One thing I do is rough up the surface edges to be glued--use 60 grit sandpaper or scrach awl to rough surface--slap some glue on both edges and clamp--makes a very strong joint.


----------



## CWWoodworking (Nov 28, 2017)

Rich, I was referring to the "glue on both pieces rule". Didn't say a thing about pressure.

As for as 2%, I should re-phrase.

I purchased parts for a 300$ million dollar company. They bought a lot of parts. The parts I managed were about 30 million. One of my duties was to monitor scrap parts. Nobody cared a rats a$$ about 1%. At 2% it raised eye brows but little was done. Over 2%, we put the screws to parts manufacturer to make a change.

Now to be clear, scrap rate is a murky water. There a lot of factors that go into it.

Rich, think if it this way. If the percentage was as low as you say, people would never buy anything new cause it would last forever! Haha.

The company I was buying the $30m from controlled 85% of their respective market. And we used their higher end product.

This is all nonsense really. The fact is you can be sloppy with glue ups and be pretty successful.

I say aim for good joints and lots a glue.


----------



## RichT (Oct 14, 2016)

> Rich, think if it this way. If the percentage was as low as you say, people would never buy anything new cause it would last forever! Haha.
> 
> - CWWoodworking


Now you're confusing defects with durability, but it's time to move on and get back to the all-important issue of clamping pressure.

Does anyone else's clamping sometimes include foul language? Mine occasionally does. Like, say when I'm gluing up M&T joints, and the parts seize for whatever reason, and I'm banging and cranking the clamp but the sucker just doesn't want to move. Then I swear a lot. It's also why I keep a couple of bar clamps handy. Those wing handles are great for cranking. I've yet to find a joint that can resist them.


----------



## CWWoodworking (Nov 28, 2017)

And Rich, when major retailers start asking for discounts because they buy so much, probably the first thing they ask for is a 2% defect allowance. I also dealt with a nation wide sales team(unfortunately).


----------



## CWWoodworking (Nov 28, 2017)

Durability and defects go hand in hand because of warranty. Anything fails under warranty=defect.

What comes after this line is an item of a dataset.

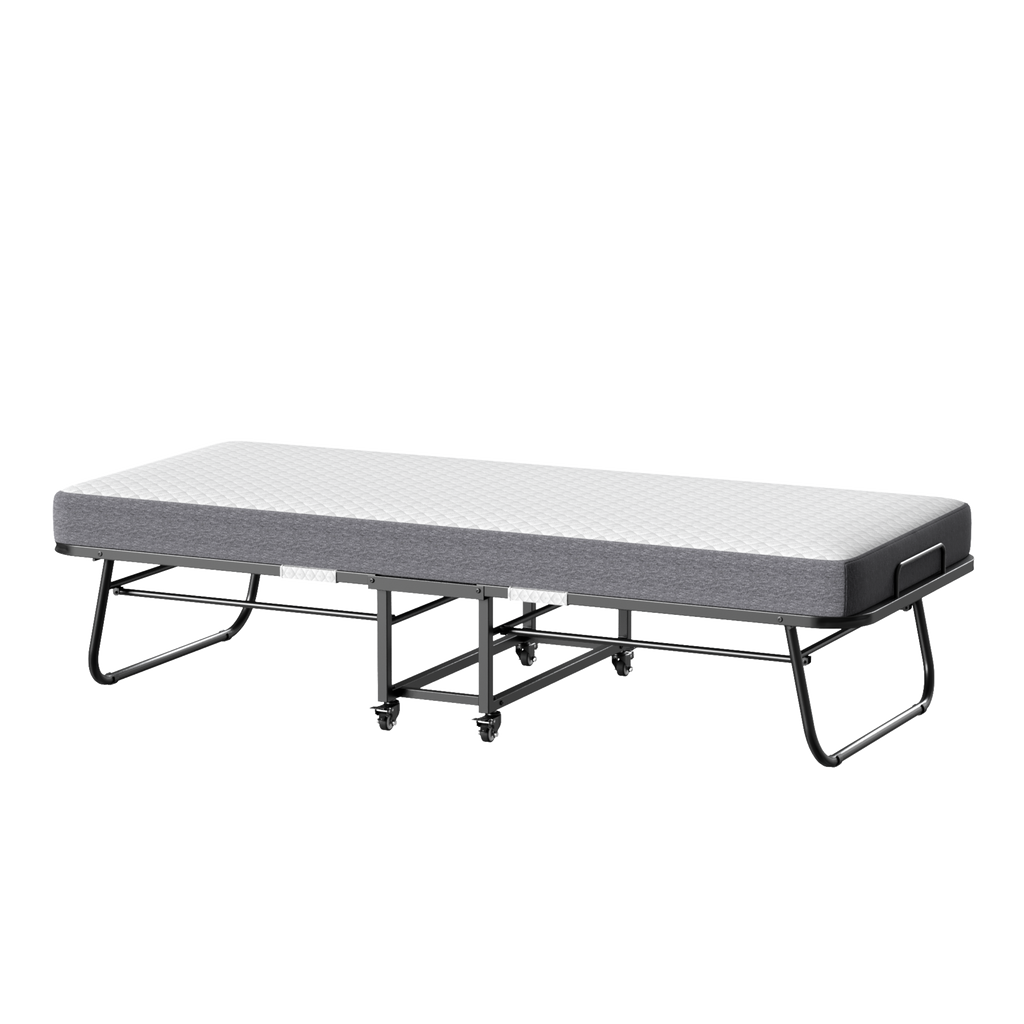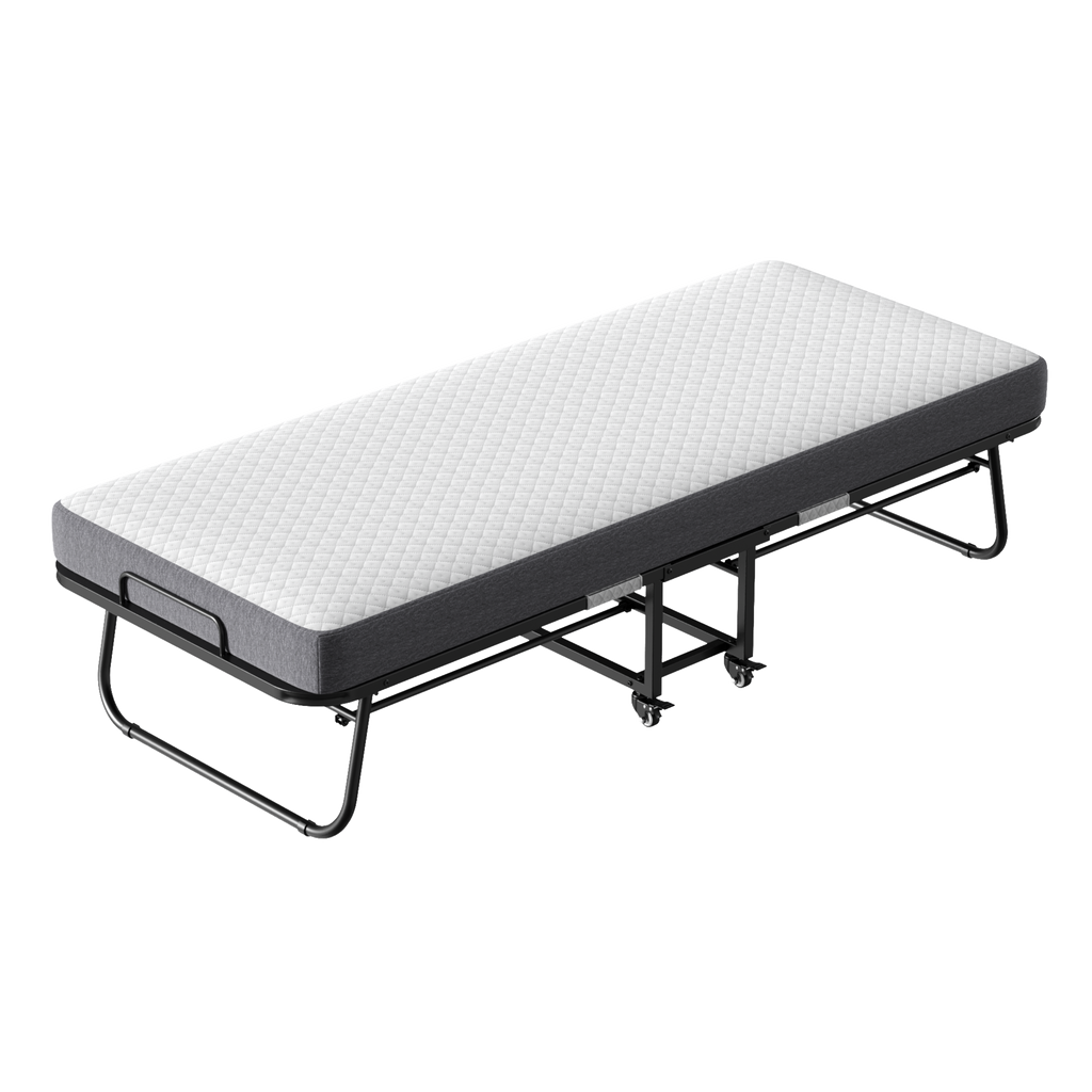 Folding Bed with Mattress 75' x 31' Rollaway Guest Bed Portable Foldable Bed for Adults with 5' Memory Foam Mattress Space-Saving All Metal Steel Pipe Frame Slatted Pipe Style

I don't do M&T but I cuss a little.


----------



## shipwright (Sep 27, 2010)

Or you could use no clamps at all. 
http://lumberjocks.com/topics/289681


----------



## ArtMann (Mar 1, 2016)

It is entirely possible to over think this issue. I have been gluing up panels for over 40 years and i haven't had one fail yet. I have done a lot of destructive testing in the past and I never saw an assembly fail at the glue joint. I am certain it is possible to screw it up enough for that to happen but you would need to use some very bad technique.

It is easy enough to do your own destructive testing with scrap wood to confirm that what you are doing is good. I would strongly recommend you do that.

By the way, CNWoodworking was obviously not referring to the automotive industry when he said nobody cares about a 1% failure rate. The electronics plant I worked at did about a billion in sales every year and the products for which I was responsible amounted to about $100 million of that. A 0.1% failure rate would have been regarded as a colossal disaster and would have shut down production until the issue was resolved. Depending on the nature of the failure, it may have caused a DOT recall being issued. Way back in the 1990's we stopped measuring failures in percent and started measuring in parts million.


----------



## pottz (Sep 15, 2015)

> Or you could use no clamps at all.
> http://lumberjocks.com/topics/289681
> 
> - shipwright


animal glue and no clamps-i dont think so.i think ill just keep doing it the way i have for the last 40 years,i glue it clamp it nad it never fails,forget all the nonsense!


----------



## 000 (Dec 9, 2015)

> And one more thing. Be sure to spread glue on BOTH sides of the wood to be joined and spread it evenly over the entire glued surface if you want maximum strength. Too may of us just run a bead of glue down one side of the joint and stick it together. To see how slap dash this method is, just do this and then pull the pieces apart. you will often see fairly large spots with no glue.
> 
> - Planeman40


UNSCIENTIFIC TEST:
Comparing a smear glue joint to bead of glue joint. ( Titebond II )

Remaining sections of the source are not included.